• [Assignment]: Reproduce exactly the lines of this material that begin at the line with "Došla mlada snajka" and end at the line with "The group control", both included. Omit the pictures and everything else.

• [Recorded data]:
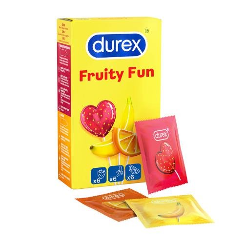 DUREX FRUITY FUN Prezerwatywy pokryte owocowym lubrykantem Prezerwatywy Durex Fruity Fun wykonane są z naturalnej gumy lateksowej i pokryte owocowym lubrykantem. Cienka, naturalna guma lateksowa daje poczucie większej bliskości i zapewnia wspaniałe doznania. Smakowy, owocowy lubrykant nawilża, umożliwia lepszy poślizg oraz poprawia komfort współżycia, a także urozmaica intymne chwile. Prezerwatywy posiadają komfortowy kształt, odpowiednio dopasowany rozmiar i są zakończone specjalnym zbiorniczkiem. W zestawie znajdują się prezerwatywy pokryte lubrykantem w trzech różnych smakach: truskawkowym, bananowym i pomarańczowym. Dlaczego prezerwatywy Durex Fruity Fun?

...

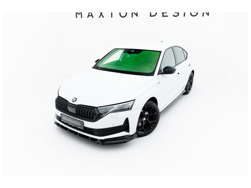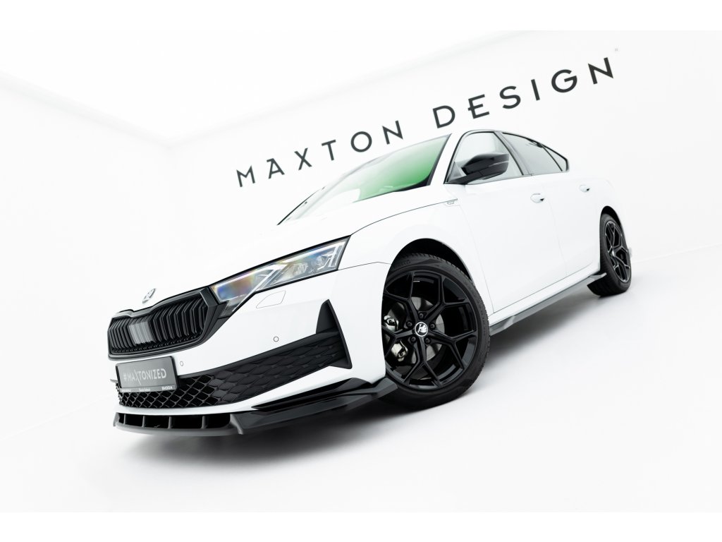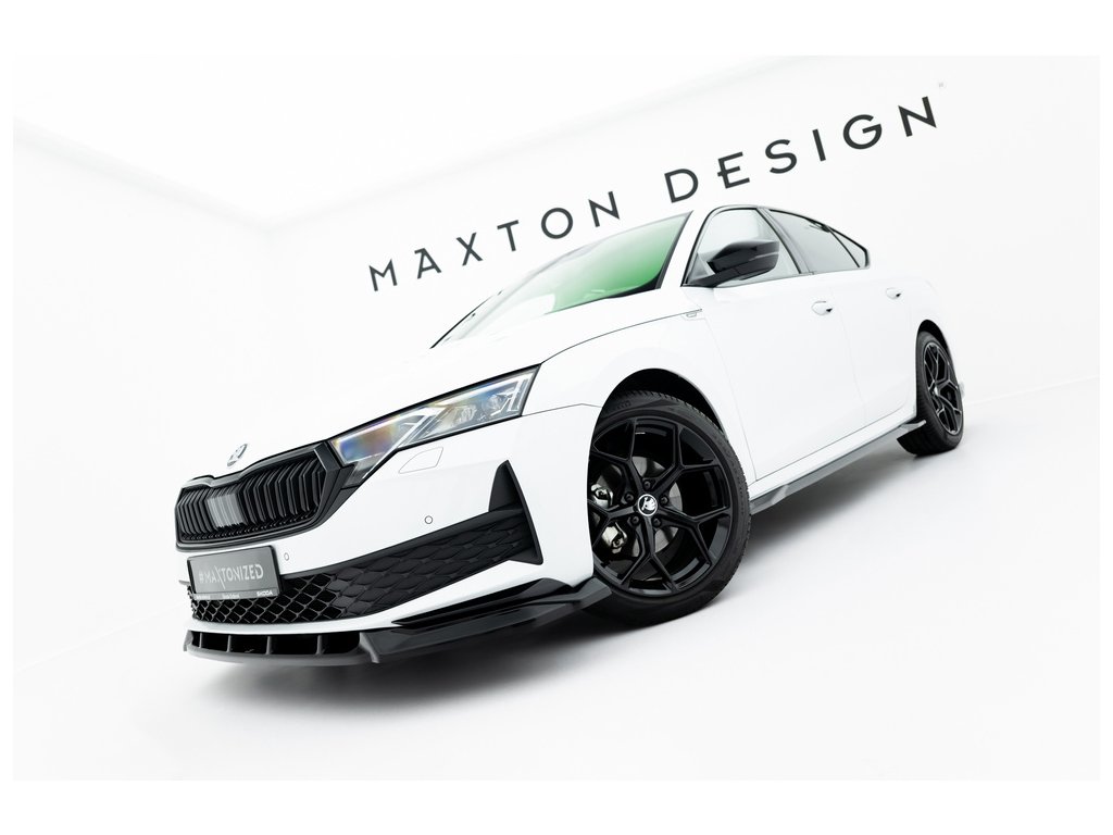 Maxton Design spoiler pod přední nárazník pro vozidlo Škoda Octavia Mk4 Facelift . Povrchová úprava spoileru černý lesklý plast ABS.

---

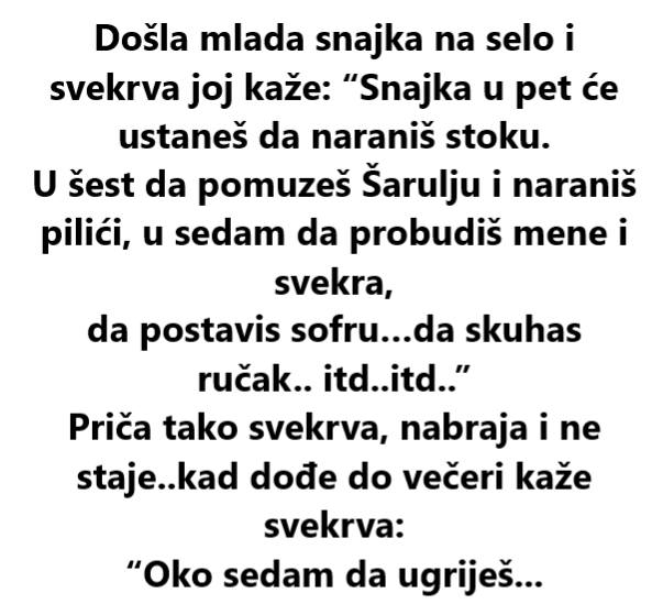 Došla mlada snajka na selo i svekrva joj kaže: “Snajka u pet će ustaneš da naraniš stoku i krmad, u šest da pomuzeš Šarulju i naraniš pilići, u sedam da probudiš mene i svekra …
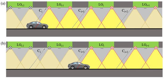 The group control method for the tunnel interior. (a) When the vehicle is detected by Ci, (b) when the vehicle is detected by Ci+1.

• [Reply to the task]:
 Došla mlada snajka na selo i svekrva joj kaže: “Snajka u pet će ustaneš da naraniš stoku i krmad, u šest da pomuzeš Šarulju i naraniš pilići, u sedam da probudiš mene i svekra …
 The group control method for the tunnel interior. (a) When the vehicle is detected by Ci, (b) when the vehicle is detected by Ci+1.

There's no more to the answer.